- _ACTIVITY_
Reproduce word for word the lines between those holding "Le Poli-Flex® 4781" and "确实,不论大学还是中小学,仅", inclusive, and nothing else from the data below.

- _GIVEN INFORMATION_
[Start of Attachment]
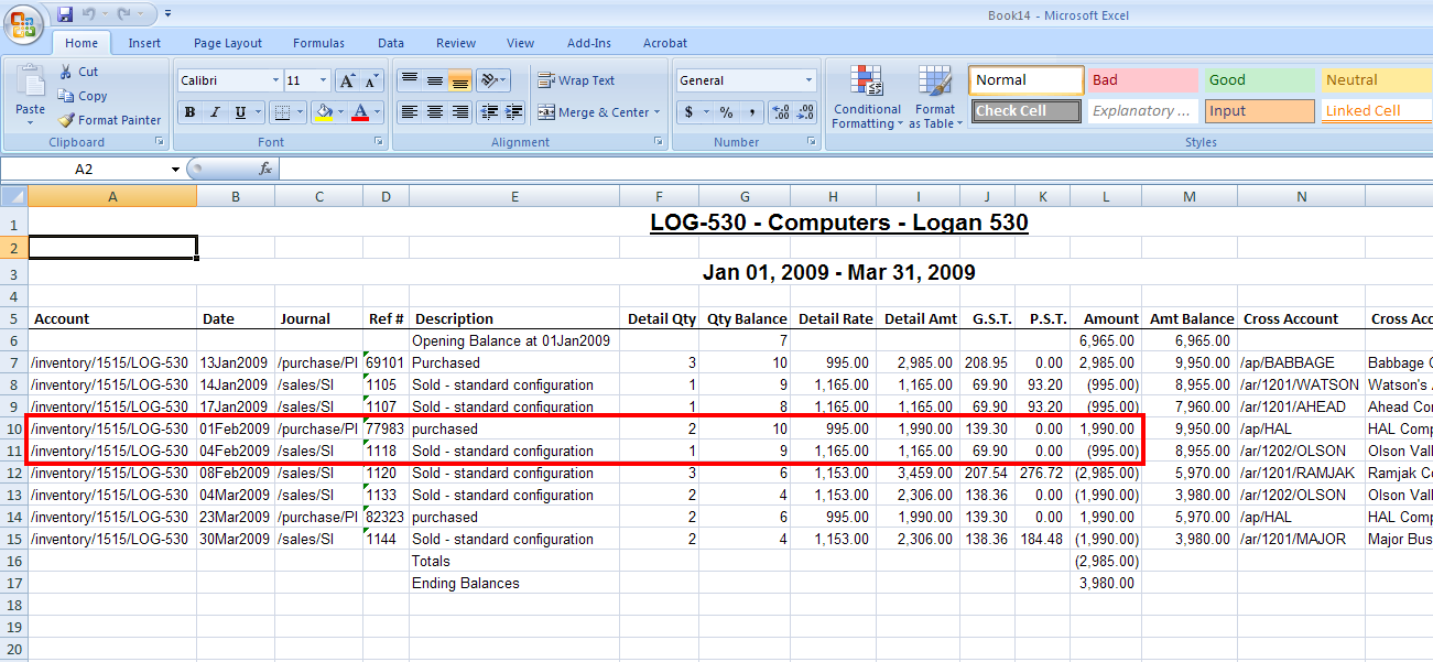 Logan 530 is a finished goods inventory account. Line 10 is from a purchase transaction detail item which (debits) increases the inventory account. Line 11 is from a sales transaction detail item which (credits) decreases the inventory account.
[End of Attachment]
[Start of Attachment]
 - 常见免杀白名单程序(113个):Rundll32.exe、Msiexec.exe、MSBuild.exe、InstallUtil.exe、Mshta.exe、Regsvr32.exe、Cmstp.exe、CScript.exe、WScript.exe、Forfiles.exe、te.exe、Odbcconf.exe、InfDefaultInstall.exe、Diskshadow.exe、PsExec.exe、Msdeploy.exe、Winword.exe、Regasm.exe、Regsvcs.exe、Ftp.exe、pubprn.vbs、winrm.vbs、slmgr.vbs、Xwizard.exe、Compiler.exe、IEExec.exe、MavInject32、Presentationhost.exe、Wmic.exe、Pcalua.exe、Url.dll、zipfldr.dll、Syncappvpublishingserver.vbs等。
[End of Attachment]
[Start of Attachment]
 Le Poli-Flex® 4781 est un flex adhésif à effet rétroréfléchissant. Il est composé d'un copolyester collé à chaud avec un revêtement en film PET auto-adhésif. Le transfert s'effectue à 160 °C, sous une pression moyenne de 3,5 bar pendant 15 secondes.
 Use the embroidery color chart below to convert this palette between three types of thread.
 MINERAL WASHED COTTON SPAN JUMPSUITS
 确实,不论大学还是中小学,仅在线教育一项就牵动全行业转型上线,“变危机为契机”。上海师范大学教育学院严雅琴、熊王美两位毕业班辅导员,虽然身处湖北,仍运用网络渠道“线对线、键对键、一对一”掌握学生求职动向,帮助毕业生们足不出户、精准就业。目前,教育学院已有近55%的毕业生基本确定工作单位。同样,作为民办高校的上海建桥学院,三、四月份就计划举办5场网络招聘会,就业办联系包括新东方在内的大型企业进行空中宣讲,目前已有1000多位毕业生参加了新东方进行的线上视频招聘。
[End of Attachment]
- _OUTPUT_
 Le Poli-Flex® 4781 est un flex adhésif à effet rétroréfléchissant. Il est composé d'un copolyester collé à chaud avec un revêtement en film PET auto-adhésif. Le transfert s'effectue à 160 °C, sous une pression moyenne de 3,5 bar pendant 15 secondes.
 Use the embroidery color chart below to convert this palette between three types of thread.
 MINERAL WASHED COTTON SPAN JUMPSUITS
 确实,不论大学还是中小学,仅在线教育一项就牵动全行业转型上线,“变危机为契机”。上海师范大学教育学院严雅琴、熊王美两位毕业班辅导员,虽然身处湖北,仍运用网络渠道“线对线、键对键、一对一”掌握学生求职动向,帮助毕业生们足不出户、精准就业。目前,教育学院已有近55%的毕业生基本确定工作单位。同样,作为民办高校的上海建桥学院,三、四月份就计划举办5场网络招聘会,就业办联系包括新东方在内的大型企业进行空中宣讲,目前已有1000多位毕业生参加了新东方进行的线上视频招聘。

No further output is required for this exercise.